Ora, suponho que com o conceito de felicidade se passa algo muito semelhante. (Gostaria de acentuar que considero a felicidade o objectivo mais importante da vida do homem, seja essa felicidade atingida em momentos mais ou menos fugidios, seja em períodos mais prolongados, daqueles que são imensamente gratificantes quando a memória no-los traz em retrospectiva.) Tal como a qualidade, a felicidade depende do indivíduo. Quem está invariavelmente insatisfeito não pode, em meu entender, ser uma pessoa feliz. Uma das razões é porque, muito possivelmente, conjuga a felicidade mais com o "ter" do que com o "ser". A insatisfação depende do limiar de expectativas. Concordo quando se diz que a verdadeira felicidade consiste em apreciar o que temos e não em sentirmo-nos mal por aquilo que não temos. Ou, se se pretender numa variante, a felicidade não depende daquilo que nos falta mas sim do bom uso que fazemos daquilo que possuímos.
Existe uma enorme tendência para medir a inteligência de uma pessoa pelo dinheiro que ela consegue fazer. Inteligente será quem consegue fazer muito dinheiro. A raiz do mal residirá no facto de se insistir demasiado que é no êxito da competição que está a principal fonte da felicidade. O êxito pode ser um dos vários elementos da felicidade, mas o seu preço será demasiado elevado se a ele se sacrificarem todos os outros elementos.
Uma vez, ao ler um jornal parei para ler melhor a frase de alguém que tinha escrito uma carta à redacção. Dizia basicamente isto: "Basta ser feliz. Não é necessário ser mais feliz do que os outros." Considero esta uma observação pertinente. Numa sociedade de keeping up with the Joneses, em que se pretende competir com todos para ser o melhor – receita tremendamente eficaz para o envenenamento da alma – é um erro pretender verificar se se é mais ou menos feliz do que os outros.

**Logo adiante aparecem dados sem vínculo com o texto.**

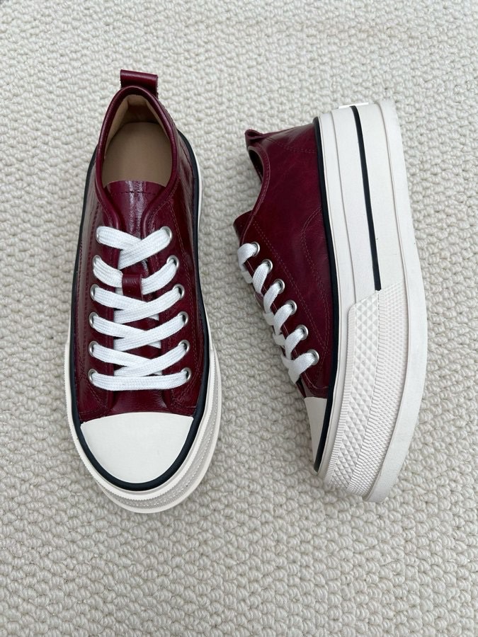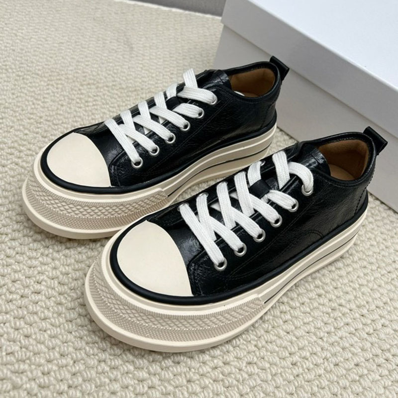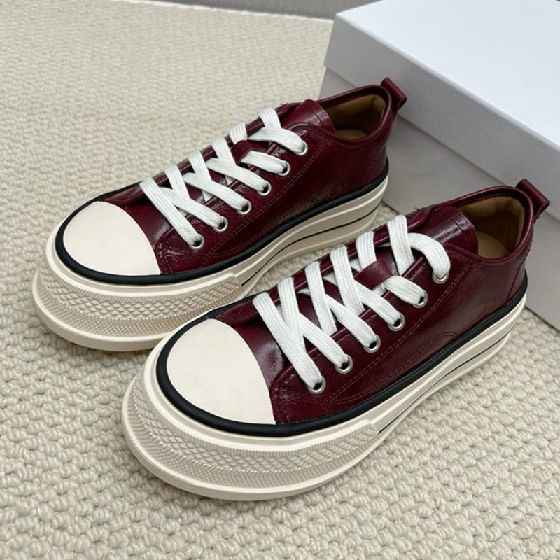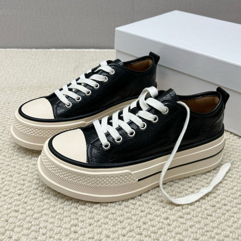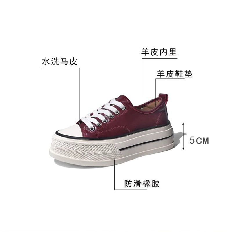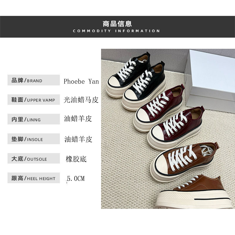 플랫폼 단독 신발 여성의 2024 새로운 가을 미친 말 가죽 로우 탑 레이스 업 캐주얼 플랫폼 신발 증가 여성 신발스토어 가기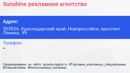 Sunshine, рекламное агентство по адресу 353924, Краснодарский край, Новороссийск, проспект Ленина, 99 в дальнейшем Организация, размещена в следующих категориях: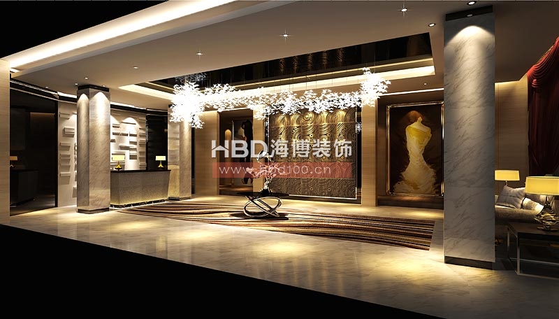 大廳的設(shè)計強調(diào)線形流動的變化,色彩華麗,暗黃色的天花燈槽、閃耀著異樣光芒的水晶燈飾,無不呈現(xiàn)富麗堂皇的景象。每一處細(xì)節(jié)恰到好處的處理給俱樂部加分,大型水晶吊燈靜靜地泛著影影綽綽的燈光,朦朧、浪漫之感油然而生,風(fēng)情萬種。舒適的座椅、極具創(chuàng)意的燈飾、櫥窗邊的略帶點中式風(fēng)格的雕塑、唯美的水池,整個俱樂部溫馨如家,讓到訪者的心情更為愉悅放松!

É uma inadvertida (ou consciente?) auto-flagelação.
Fernando Pessoa perguntava "Porque é que, para ser feliz, é preciso não sabê-lo?". Acho que a resposta é sensivelmente coincidente com o facto de, quando fazemos um esforço para nos mantermos alerta a fim de detectarmos o exacto momento em que vamos cair no sono, não conseguirmos adormecer.
No seu Elogio da Loucura, Erasmo sugere que quanto maior for a sabedoria, menos feliz será a vida. Pessoalmente, atrevo-me a considerar que embora a felicidade possa eventualmente ser menos prolongada e mais intervalada para o sábio do que para o ignorante, quando ela surge é muito mais profunda, além de mais conscientemente percebida.

7/21/2010

Meia-dúzia de citações

Estas são seis citações muito breves. A primeira é de Mencken, que morreu em meados do século passado. As duas seguintes são do antigo primeiro-ministro britânico Winston Churchill. O francês Clemenceau assina a quarta. A seguinte é de Amos B. Alcott, que viveu quase todo o século XIX. Da última citação lamento desconhecer a autoria, mas creio que todas elas valem a pena ser referidas aqui.

- Um político de coração puro é algo tão inconcebível como um ladrão honesto.

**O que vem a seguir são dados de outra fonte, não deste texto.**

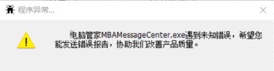 笔记本突然弹出弹框,提示电脑管家遇到未知错误,如下图: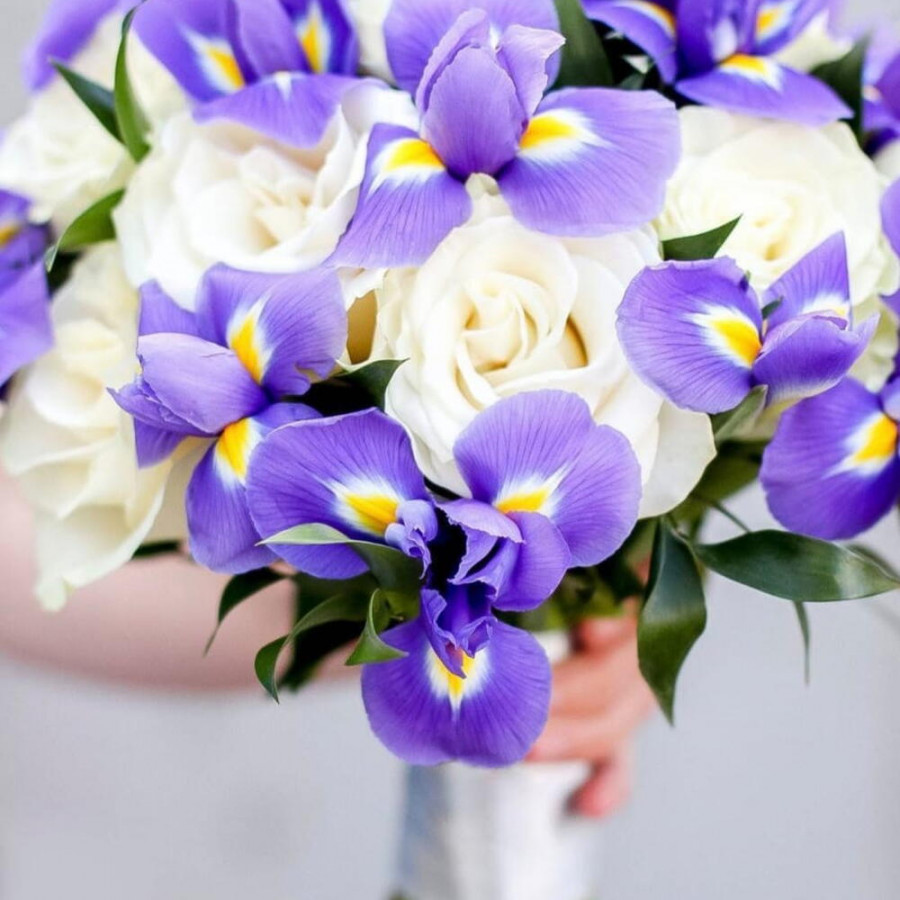 На фото букет невесты из белых роз и ирисов. В составе: ирис 17 шт, роза 12 шт, рускус 8 шт, атласная лента 1 шт, . Все цветы свежие и ароматные, букет красиво оформлен и отлично подходит для подарка. Доступна доставка цветов или самовывоз.
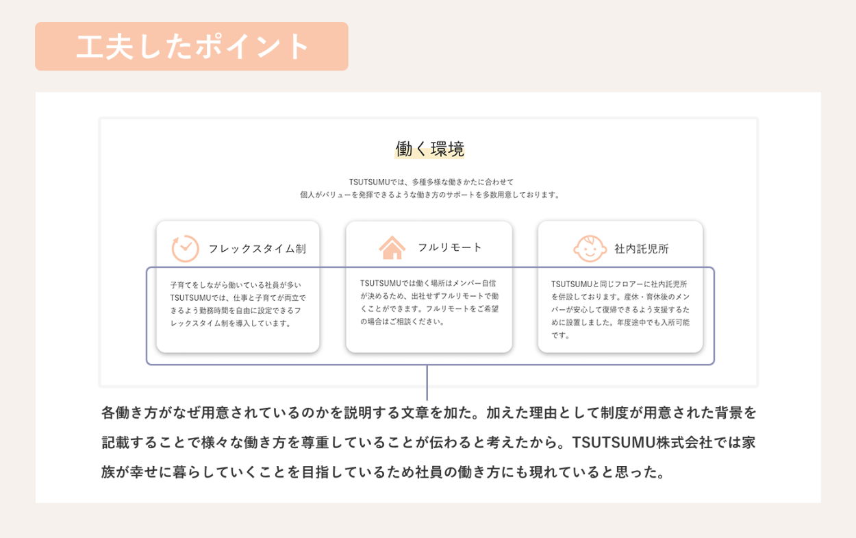 「働く環境」を紹介することで安心して働ける職場だと思う。

- Um bom político é aquele que é capaz de prever o futuro e que, depois, é igualmente capaz de explicar por que motivo as coisas não se passaram exactamente como ele tinha previsto.

- A política é mais perigosa do que a guerra. Na guerra, não podemos morrer senão uma vez. Na política, várias.

- A honra é como a virgindade: perdida uma vez, perdida para sempre.

- Ignorar a própria ignorância é a doença do ignorante.

- Um criativo ignorante no poder é a mistura mais explosiva que pode existir.

7/16/2010

Uma questão de género

Por vezes, o facto de um animal, um objecto ou um conceito serem expressos noutro idioma por uma palavra diferente da que usamos na nossa língua impressiona-nos menos do que se o género do vocábulo não for igual ao nosso. Isto quer dizer que a um masculino português nem sempre corresponde um masculino na língua estrangeira que estamos a usar, ou que um feminino nosso pode não ter o seu equivalente num outro feminino.
A este propósito, não posso deixar de me lembrar da atrapalhação e enorme embaraço que há anos vi numa amiga minha quando se deu conta de que numa edição oficial e dispendiosa de um livro em espanhol, da qual era responsável, tinha inadvertidamente colocado como título na bonita capa El mar em vez de La mar. Sucede...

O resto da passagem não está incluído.